» **SUPPLIED DATA**
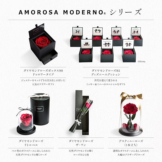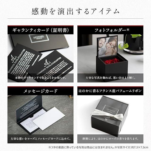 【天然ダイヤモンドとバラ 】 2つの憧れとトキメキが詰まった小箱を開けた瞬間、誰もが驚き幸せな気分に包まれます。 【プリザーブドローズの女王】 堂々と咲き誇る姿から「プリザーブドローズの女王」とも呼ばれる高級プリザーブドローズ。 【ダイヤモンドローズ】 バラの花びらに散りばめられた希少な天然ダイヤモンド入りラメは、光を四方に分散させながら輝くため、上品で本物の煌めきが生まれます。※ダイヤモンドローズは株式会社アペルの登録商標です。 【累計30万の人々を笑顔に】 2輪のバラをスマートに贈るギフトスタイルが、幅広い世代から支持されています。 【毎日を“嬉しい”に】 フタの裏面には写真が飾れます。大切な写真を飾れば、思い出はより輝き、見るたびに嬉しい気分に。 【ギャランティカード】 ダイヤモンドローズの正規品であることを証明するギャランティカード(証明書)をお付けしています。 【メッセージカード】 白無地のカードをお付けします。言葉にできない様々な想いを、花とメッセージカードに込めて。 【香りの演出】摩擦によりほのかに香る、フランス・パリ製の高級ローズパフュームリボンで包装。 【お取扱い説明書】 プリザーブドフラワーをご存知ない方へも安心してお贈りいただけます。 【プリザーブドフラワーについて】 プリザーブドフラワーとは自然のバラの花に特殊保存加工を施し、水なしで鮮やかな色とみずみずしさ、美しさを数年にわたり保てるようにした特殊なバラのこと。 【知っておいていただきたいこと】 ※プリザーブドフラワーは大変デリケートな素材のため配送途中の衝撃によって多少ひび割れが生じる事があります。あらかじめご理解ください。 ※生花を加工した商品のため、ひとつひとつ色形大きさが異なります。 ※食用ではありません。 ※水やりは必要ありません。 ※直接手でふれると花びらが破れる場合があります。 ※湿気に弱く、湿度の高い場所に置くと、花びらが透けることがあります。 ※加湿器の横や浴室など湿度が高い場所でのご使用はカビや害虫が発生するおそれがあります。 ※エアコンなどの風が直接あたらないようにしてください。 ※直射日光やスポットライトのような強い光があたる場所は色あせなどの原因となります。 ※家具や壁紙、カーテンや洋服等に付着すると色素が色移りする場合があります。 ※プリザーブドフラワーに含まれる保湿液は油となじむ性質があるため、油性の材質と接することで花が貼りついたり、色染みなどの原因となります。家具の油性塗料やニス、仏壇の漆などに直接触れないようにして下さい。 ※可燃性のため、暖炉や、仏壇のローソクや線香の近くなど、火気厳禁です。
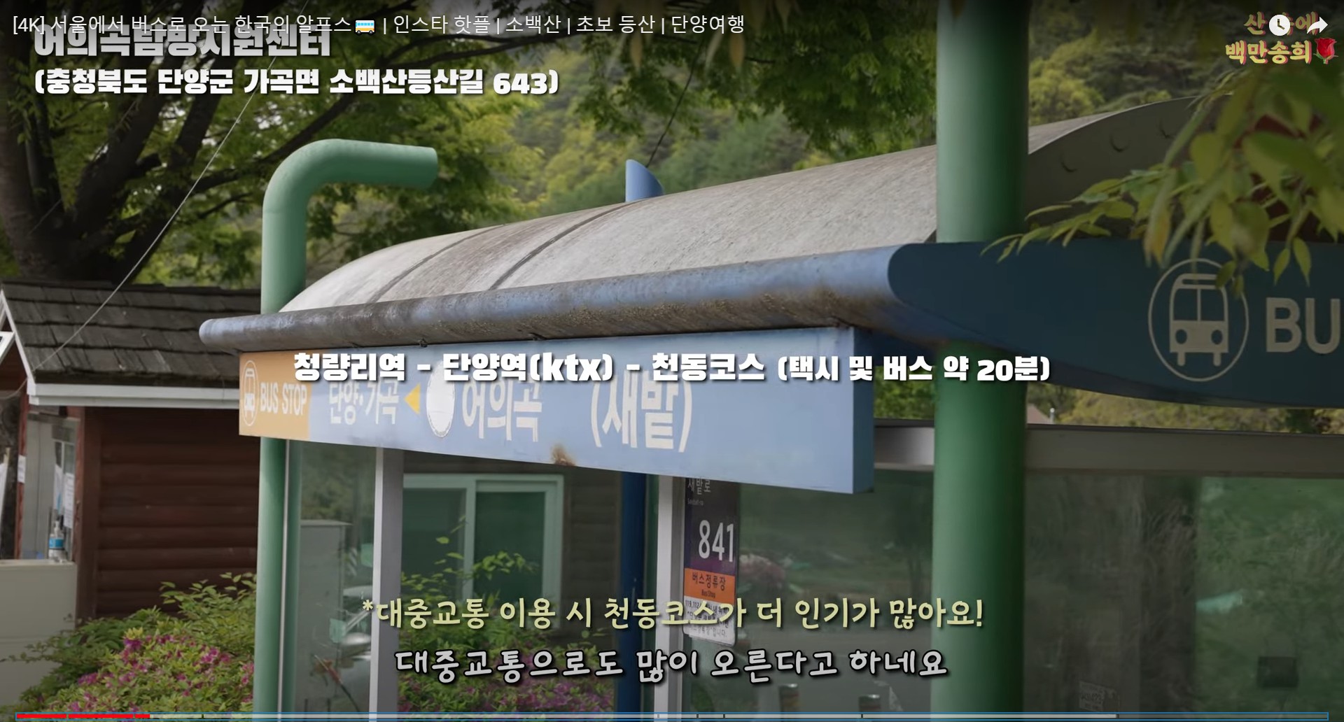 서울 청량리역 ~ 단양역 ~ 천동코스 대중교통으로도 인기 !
--
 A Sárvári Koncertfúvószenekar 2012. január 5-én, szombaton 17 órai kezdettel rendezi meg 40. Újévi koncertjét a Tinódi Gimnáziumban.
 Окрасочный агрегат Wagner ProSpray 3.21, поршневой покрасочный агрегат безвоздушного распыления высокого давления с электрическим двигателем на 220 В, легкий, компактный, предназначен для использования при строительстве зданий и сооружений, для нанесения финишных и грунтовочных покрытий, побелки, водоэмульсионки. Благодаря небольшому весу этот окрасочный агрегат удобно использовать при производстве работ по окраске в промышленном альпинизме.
==
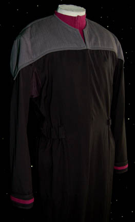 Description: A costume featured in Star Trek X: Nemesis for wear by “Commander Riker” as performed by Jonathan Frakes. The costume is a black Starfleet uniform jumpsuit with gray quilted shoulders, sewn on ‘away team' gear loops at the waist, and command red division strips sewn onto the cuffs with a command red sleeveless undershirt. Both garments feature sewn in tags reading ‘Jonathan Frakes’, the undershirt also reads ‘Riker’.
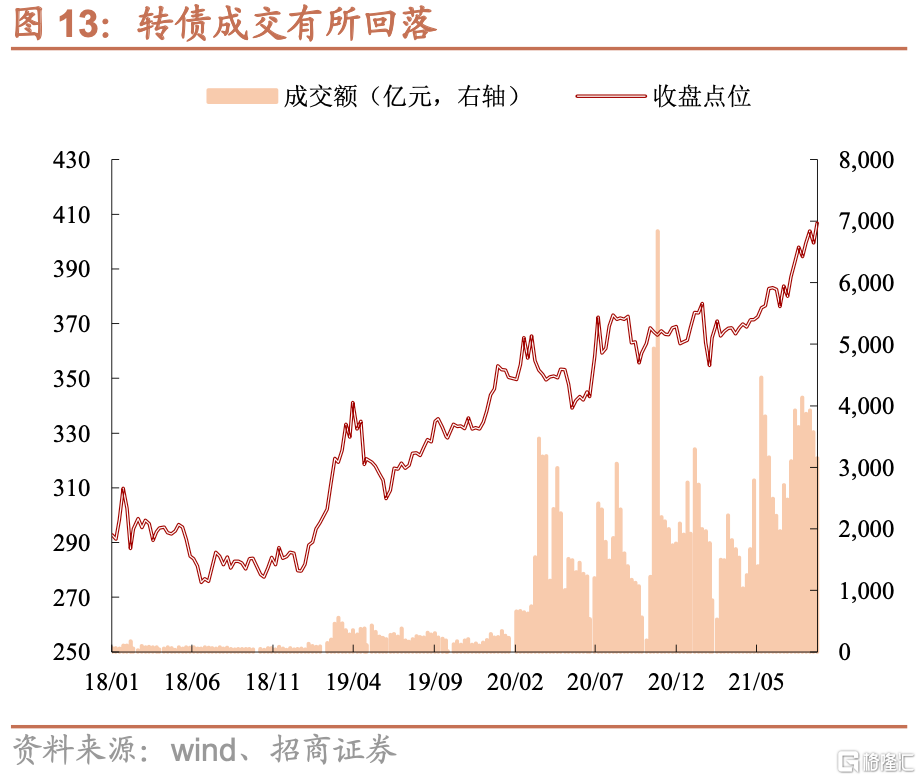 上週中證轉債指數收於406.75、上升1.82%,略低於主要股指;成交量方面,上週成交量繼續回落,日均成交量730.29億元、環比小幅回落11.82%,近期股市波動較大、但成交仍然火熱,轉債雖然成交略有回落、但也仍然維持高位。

» **TASK INSTRUCTIONS**
Reproduce the records above exactly, but only from the line with "Description: A costume" up to and including the line with "上週中證轉債指數收於406.". Leave the pictures out.

» **ANSWER TO THIS TASK**
 Description: A costume featured in Star Trek X: Nemesis for wear by “Commander Riker” as performed by Jonathan Frakes. The costume is a black Starfleet uniform jumpsuit with gray quilted shoulders, sewn on ‘away team' gear loops at the waist, and command red division strips sewn onto the cuffs with a command red sleeveless undershirt. Both garments feature sewn in tags reading ‘Jonathan Frakes’, the undershirt also reads ‘Riker’.
 上週中證轉債指數收於406.75、上升1.82%,略低於主要股指;成交量方面,上週成交量繼續回落,日均成交量730.29億元、環比小幅回落11.82%,近期股市波動較大、但成交仍然火熱,轉債雖然成交略有回落、但也仍然維持高位。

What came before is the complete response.